Но случилось то, что случилось. Эта встреча была неизбежна уже хотя бы потому, что этот человек часто посещал Слащева. И сейчас он тоже шел к нему.

Это был Жихарев.

Жихарев шел к Слащеву без определенного дела. Просто у него это вошло в привычку: с тех пор как он поселил Слащева у Мустафы, он время от времени стал наведываться к нему. Ему льстило общение с прославленным генералом и всячески пытался ему понравиться, предполагая, что такая дружба в будущем не будет ему лишней. Случись какая беда, глядишь, генерал своим авторитетом прикроет его, придет на помощь.

Появлялся он у Слащева не слишком часто и лишь тогда, когда его жена Нина Николаевна находилась на работе. Своими разговорами он старался не обременять генерала, понимая разницу не только в образовании, но и в их общественном положении. Большей частью он просто помогал ему и его денщику Пантелею в хлопотных хозяйственных делах. Пока Пантелей занимался с дочкой, Жихарев не отказывался иногда сходить на базар, забрать из прачечной постиранное белье или вместе с генералом скоротать какое-то время за беседой. Слащева интересовали последние слухи, и он охотно их выслушивал. Их каждый день рождалось множество, и какие-то иногда сбывались. Поэтому слухи не девальвировались, не теряли свою цену, и к ним относились так же серьезно, как и к газетным новостям.

Слухи о том, что Русскую армию собираются переселить куда-то на Балканы, будоражили всех русских не однажды. Но если прежде они возникали как некий мираж, который вскоре рассеивался, то на этот раз Жихарев нес Слащеву газету на русском языке, в которой среди прочего находилась перепечатка статьи известного военного журналиста Колена о Проливах, первоначально опубликованная в «Таймсе». Работая в Лиге Наций, он не прерывал и своего сотрудничества в английской прессе. В статье Колен прямо говорил: события развиваются так, что чуть раньше или чуть позже Мустафа Кемаль приберет к рукам всю Турцию, в том числе и ее Проливы. Пребывание там Русской армии грозит серьезными неприятностями. Озлобленные на союзников русские военные обязательно ввяжутся в возникший конфликт, который может перерасти в серьезное сражение, а то и в войну. И французы, которые разместили Русскую армию в зоне Проливов, не могут не понимать своей ответственности за возможные последствия.

В Постскриптуме российский политический обозреватель Николай Пальчиков сообщил, что французы, видимо, озаботились назревающими событиями и собираются предложить Врангелю покинуть Турцию и переселиться в Болгарию и Сербию. Чтобы он легче перенес эту новость и подстегнуть Врангеля, французы наполовину урезали ежедневный продовольственный паек Русской армии, который был обусловлен франко-русским договором, и до настоящего времени русские солдаты получали его в полном объеме.

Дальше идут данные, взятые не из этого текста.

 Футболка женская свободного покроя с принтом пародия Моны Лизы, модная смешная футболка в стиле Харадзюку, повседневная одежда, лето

И если бы не эта неожиданная встреча с советским чекистом Кольцовым, в чем Жихарев нисколько не сомневался, все произошло бы так, как происходило прежде. Но Жихарев успел хорошо его рассмотреть, и его вдруг обожгла жестокая обида, какую нанес ему Кольцов еще там, в Феодосии. «Зачищая» сейфы покинутых богатых крымских особняков, Жихарев в одночасье разбогател, Но после встречи с Кольцовым ему пришлось, спасаясь от расстрела, бросить все награбленное и без гроша в кармане бежать в Турцию.

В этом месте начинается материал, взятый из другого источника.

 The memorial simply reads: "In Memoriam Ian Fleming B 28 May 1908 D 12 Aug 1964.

И вот он, этот большевистский чекистский комиссар, шел по улице – живой, здоровый, невредимый. И, судя по одежде, вполне успешный. К счастью, чекист не узнал его, точнее, не заметил, поскольку шел, опустив глаза в землю. И значит, он – почти в его руках. Нужно только хорошо продумать, как лучшим образом это исполнить. Можно просто убить его. Ну и что? Просто смерть. Он даже ничего не почувствует, не осознает, что это месть. Нет, надо придумать что-то другое. В феодосийской тюрьме комиссар всласть поиграл с ним, как кошка с мышкой. Чудом удалось спастись. Тогда он был мышкой. Теперь ему захотелось быть кошкой и от души насладиться этой увлекательной игрой, которая называется смерть.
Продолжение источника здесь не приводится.